Data to examine START
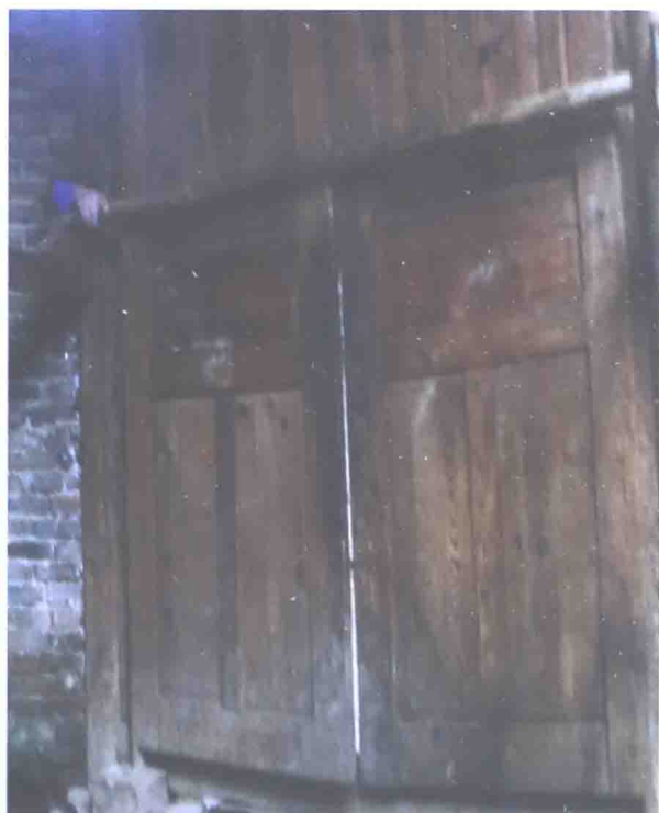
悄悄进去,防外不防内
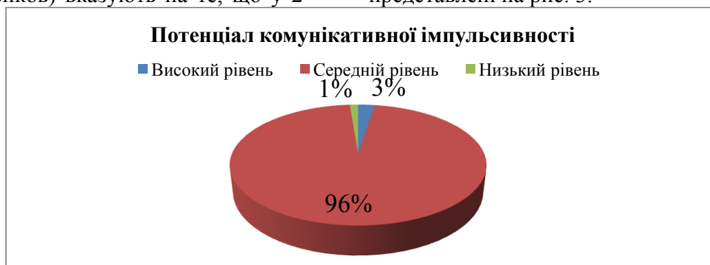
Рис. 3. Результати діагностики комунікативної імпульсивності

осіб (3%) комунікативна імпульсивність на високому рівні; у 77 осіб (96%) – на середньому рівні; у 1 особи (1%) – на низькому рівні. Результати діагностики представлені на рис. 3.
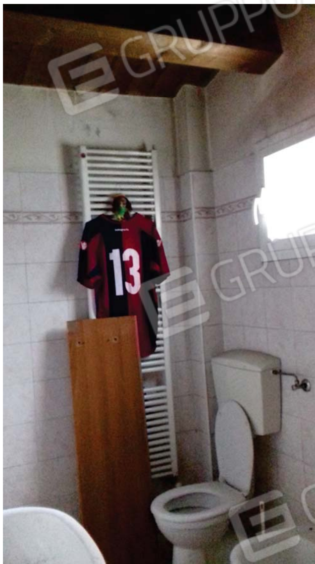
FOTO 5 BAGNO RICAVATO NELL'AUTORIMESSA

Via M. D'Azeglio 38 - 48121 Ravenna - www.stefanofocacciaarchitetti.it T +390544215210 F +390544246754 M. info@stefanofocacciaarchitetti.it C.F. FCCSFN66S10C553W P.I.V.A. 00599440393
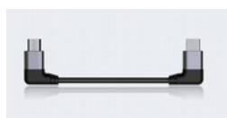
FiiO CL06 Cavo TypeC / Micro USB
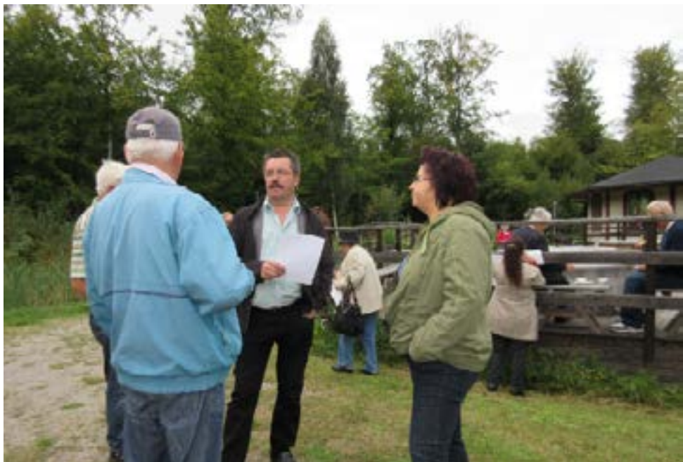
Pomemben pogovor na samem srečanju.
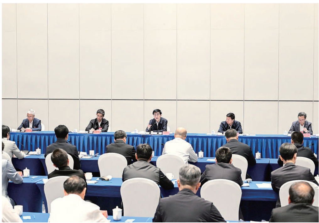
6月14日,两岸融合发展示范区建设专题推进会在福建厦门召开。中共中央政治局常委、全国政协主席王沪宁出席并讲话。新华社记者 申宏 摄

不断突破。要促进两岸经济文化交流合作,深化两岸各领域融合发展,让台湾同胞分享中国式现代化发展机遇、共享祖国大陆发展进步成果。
Data to examine END
Data to examine START
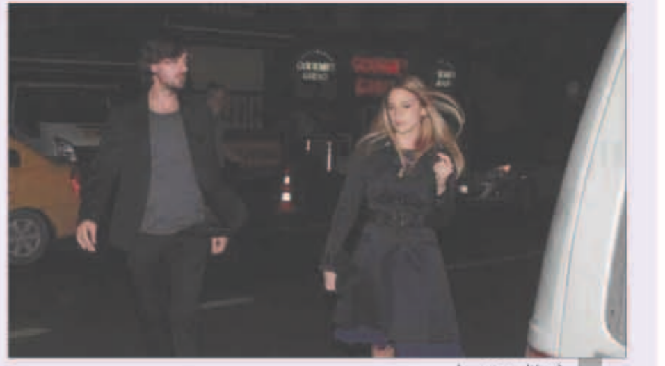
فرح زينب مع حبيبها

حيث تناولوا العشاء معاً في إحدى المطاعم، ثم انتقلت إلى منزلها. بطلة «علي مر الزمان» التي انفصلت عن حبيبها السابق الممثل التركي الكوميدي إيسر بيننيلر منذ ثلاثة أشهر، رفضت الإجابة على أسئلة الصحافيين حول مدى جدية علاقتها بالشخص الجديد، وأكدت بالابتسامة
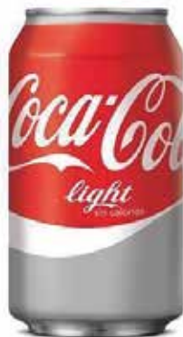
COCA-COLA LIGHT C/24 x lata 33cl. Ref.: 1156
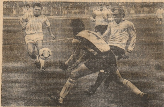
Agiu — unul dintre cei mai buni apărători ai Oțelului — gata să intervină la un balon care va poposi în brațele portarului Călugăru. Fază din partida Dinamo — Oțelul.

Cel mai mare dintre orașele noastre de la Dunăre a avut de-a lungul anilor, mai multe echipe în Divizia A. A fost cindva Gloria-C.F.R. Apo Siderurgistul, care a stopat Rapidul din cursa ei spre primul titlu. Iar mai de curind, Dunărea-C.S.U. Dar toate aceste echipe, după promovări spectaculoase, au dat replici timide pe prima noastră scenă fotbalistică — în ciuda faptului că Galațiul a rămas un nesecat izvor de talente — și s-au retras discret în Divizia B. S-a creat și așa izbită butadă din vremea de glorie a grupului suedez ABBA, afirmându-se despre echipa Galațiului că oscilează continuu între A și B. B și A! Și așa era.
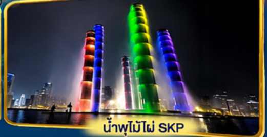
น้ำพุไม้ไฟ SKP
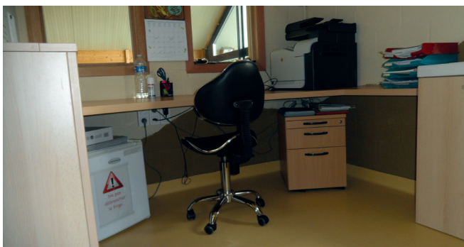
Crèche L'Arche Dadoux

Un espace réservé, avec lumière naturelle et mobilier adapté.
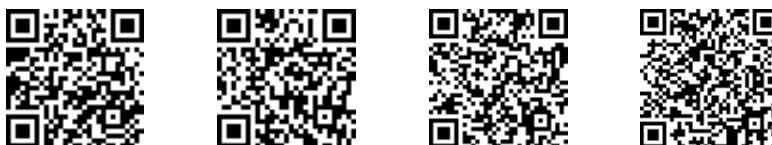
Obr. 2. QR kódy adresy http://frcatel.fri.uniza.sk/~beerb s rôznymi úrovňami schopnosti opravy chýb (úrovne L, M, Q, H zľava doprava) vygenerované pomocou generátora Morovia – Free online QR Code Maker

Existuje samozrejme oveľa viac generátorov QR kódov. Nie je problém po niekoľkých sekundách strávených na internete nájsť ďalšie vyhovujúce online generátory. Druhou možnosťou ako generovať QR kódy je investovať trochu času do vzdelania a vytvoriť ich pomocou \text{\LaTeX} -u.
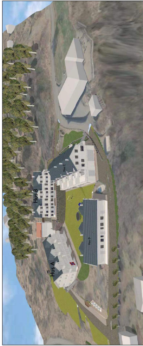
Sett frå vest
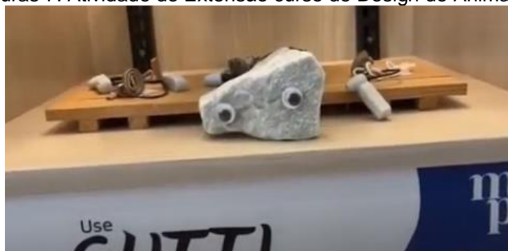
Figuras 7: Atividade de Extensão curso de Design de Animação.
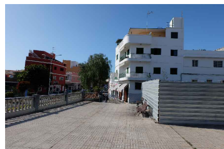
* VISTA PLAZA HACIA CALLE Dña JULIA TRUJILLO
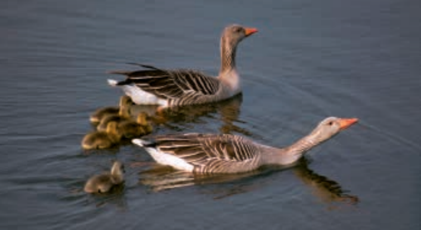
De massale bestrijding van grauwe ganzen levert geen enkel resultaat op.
Data to examine END
== Instructions for the task ==
Give again the stretch of the entries above that begins at the line with "น้ำพุไม้ไฟ SKP" and ends at the line with "Obr. 2. QR kódy", word for word, with no pictures.

== Result for this task ==
น้ำพุไม้ไฟ SKP
Crèche L'Arche Dadoux

Un espace réservé, avec lumière naturelle et mobilier adapté.
Obr. 2. QR kódy adresy http://frcatel.fri.uniza.sk/~beerb s rôznymi úrovňami schopnosti opravy chýb (úrovne L, M, Q, H zľava doprava) vygenerované pomocou generátora Morovia – Free online QR Code Maker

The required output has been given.